The Brigham and Womens Hospital Inc invention works as follows

The present invention relates to nonalcoholic fatty liver disease treatment and prevention by using agents that inhibit NOTCH signaling pathways. This purpose may be achieved by using antibodies that inhibit the binding Delta like 4 ligand (Dll4) onto NOTCH receptors.

Background for Notch inhibition in nonalcoholic fatty liver diseases treatment and prevention

Obesity is a common condition that can be linked to other metabolic disorders and poses a threat to the health of people around the world. Over two-thirds (33%) of Americans are obese and over half (32%) are overweight. Atherosclerosis and heart attack are the most severe and common complications of obesity.

Metabolic Syndrome (Sutherland, Metabolic Syndrome & Related Disorders 2 to82-104 (2004); Esposito, Nutr. Metab. Cardiovasc. Dis. 14:228-228-232 (2004)). It is related to obesity and includes the following metabolic risk factors: 1) abdominal obesity (excessive body fat); 2) atherogenic dyslipidemia; high triglycerides, low HDL cholesterol, and high LDL cholesterol; 3) insulin resistance or glucose intolerance; and 5) prothrombotic (e.g. high fibrinogen or plasmaminogen activator inhibitor-1 levels in the blood); and 6 ) a proinflammatory (e.g. In developed countries, metabolic syndrome is becoming more common and closely linked with the risk of coronary disease (Malik, Irabarren, and others, Circulation 110, 1245-1250 (2004)). Am. Coll. Cardiol. 48:1800-1807 (2006)). There is mounting evidence that metabolic syndrome features are closely linked to chronic inflammation. These include macrophage accumulation, increased production of cytokine, and activation a network inflammatory signaling pathways.

Cardiometabolic Syndrome” includes obesity-related metabolic diseases and atherosclerosis. Cardiometabolic diseases can also cause arterial and valvular calciumification, which can lead to severe clinical complications such as acute myocardial injury and aortic narrowing. Diabetes can also cause chronic kidney disease, which can lead to cardiovascular ectopic calciumification and acute myocardial injury. The cardiometabolic syndrome is made up of several components that are interrelated and work together through systemic or local inflammation.

The NOTCH signaling pathway was identified as an important part of many biological functions including cell differentiation and proliferation (see U.S. Pat. No. 6,703,221). There have been many cases of leukemia-related mutations in genes that increase NOTCH signaling. Inhibitors of NOTCH are currently being investigated for their possible use in treating neurological diseases and cancer. J. Cancer 92:751-759 (2005); Van Es, et al., Nature 435:959-963 (2005)).

The NOTCH pathway can be activated by four distinct transmembrane receptor types (designated as NOTCH-1?NOTCH-4), which rely on regulated proteolysis. Notch’s expression patterns depend on the cell type. The receptor undergoes sequential cleavage of metalloproteases from the ADAM family after ligand binding (Bru, et. al., Mol. Cell 5:207-216 (2000); Mumm, et al., Mol. Cell 5:197-206 ((2000)) and the presenilin dependent gamma secretase. Selkoe et al. Annu. Rev. Neurosci. 26:565-97 (2003); De Strooper, et al., Nature 398:518-522 (1999)). The last proteolytic cleavage allows the NOTCH receptor’s intracellular domain to be transferred to the cell nucleus, where it interacts to inducing target gene expression.
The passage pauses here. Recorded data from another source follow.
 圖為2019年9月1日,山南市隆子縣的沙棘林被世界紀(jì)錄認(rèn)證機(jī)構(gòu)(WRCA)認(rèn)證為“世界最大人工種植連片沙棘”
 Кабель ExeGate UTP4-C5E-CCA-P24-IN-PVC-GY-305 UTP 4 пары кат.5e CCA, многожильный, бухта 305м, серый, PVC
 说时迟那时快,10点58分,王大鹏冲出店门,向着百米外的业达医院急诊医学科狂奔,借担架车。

The NOTCH intracellular domain is subject to ubiquitilation in the cell nucleus. Furin-protease prototeolytic processing and trafficking of NOTCH precursor protein to the cell membrane determine turnover and availability receptors. This, in turn, activates this signaling pathway. Altering glycosylation by Fringe family members of the Notch extracellulardomain may also affect efficiency of ligand binding.
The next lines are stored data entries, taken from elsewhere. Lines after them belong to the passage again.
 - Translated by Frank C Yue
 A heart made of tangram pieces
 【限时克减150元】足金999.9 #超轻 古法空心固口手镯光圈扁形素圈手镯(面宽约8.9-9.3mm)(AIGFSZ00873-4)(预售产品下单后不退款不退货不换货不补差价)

As therapeutic agents for neurological diseases, such as Alzheimer’s disease and leukemia, inhibitors of NOTCH (particularly gamma secretase inhibitors) have been given a lot of attention. These agents could be used to treat or prevent obesity and metabolic syndrome. This would be a significant advance in medicine, public health, and medicine.

The citation or identification of any document within this application does not mean that it is admissible as prior art for the present invention.

The present invention relates to ways of treating or preventing obesity, metabolic disorder, or syndrome in patients by administering a therapeutically-effective amount of a compound which inhibits or modulates NOTCH signaling pathway. Applicants define metabolic syndrome as a modified 2005 National Cholesterol Education Program ATP III definition of 3 or more symptoms. These include: waist circumference?40 in men and?35 in women; blood pressure?130/85 mmHg, triglycerides.150 mg/dL, HDL cholesterol?40mg/dL for men, and 50 mg/dL for women. Glucose?100mg/dL. According to WHO criteria, applicants categorize their body mass index (BMI). BMI 25 kg/m2 = healthy weight, BMI 25-29.9kg/m2=overweight, and BMI?30 kg/m2=obese.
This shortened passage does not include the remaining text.